What is required — The result should hold only the lines from the one with "Стеклянные шторки для" through the final line of the data below, transcribed exactly, pictures left out.

Source material —
______________________________
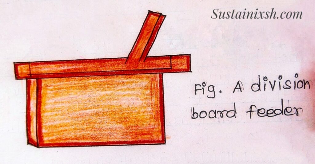 6. Division Board (D.B) Feeder – Beekeepers use this frame-like wooden trough to feed sugar syrup during heat, dearth periods, or water shortage. During times of food shortage, such as extreme heat or dry seasons, beekeepers help their colonies by providing artificial feeding. The Division Board Feeder (or D.B. Feeder) is a wooden trough-like frame placed inside the hive to hold sugar syrup or honey solution.
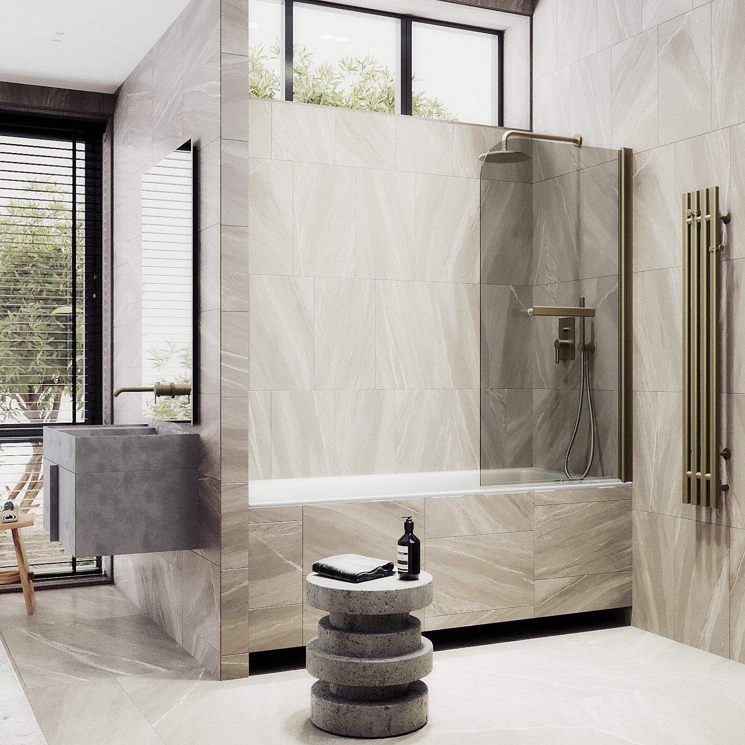 Стеклянные шторки для ванны на монопетле – это стильное и функциональное дополнение для Вашей ванной комнаты. Они изготовлены из закаленного стекла, что делает их прочными и долговечными. Монопетля обеспечивает удобное открывание и закрывание шторки, а также надежную фиксацию ее на ванне. Такие шторки легко моются и не боятся воздействия воды, что делает их идеальным выбором для ванной комнаты. Полотенцесушитель, интегрированный в стеклянную шторку, позволяет быстро высушить полотенца и другие текстильные изделия. Закаленное стекло, цвет бронза, толщина 6 мм 1400х440 мм - 1 шт.
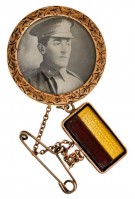 WWI SOLDIER PHOTO BROOCH, in 15ct gold frame and an example of a unit colour patch in 9ct gold frame (tot wt 7.84g; photo frame ...
______________________________
Task answer —
 Стеклянные шторки для ванны на монопетле – это стильное и функциональное дополнение для Вашей ванной комнаты. Они изготовлены из закаленного стекла, что делает их прочными и долговечными. Монопетля обеспечивает удобное открывание и закрывание шторки, а также надежную фиксацию ее на ванне. Такие шторки легко моются и не боятся воздействия воды, что делает их идеальным выбором для ванной комнаты. Полотенцесушитель, интегрированный в стеклянную шторку, позволяет быстро высушить полотенца и другие текстильные изделия. Закаленное стекло, цвет бронза, толщина 6 мм 1400х440 мм - 1 шт.
 WWI SOLDIER PHOTO BROOCH, in 15ct gold frame and an example of a unit colour patch in 9ct gold frame (tot wt 7.84g; photo frame ...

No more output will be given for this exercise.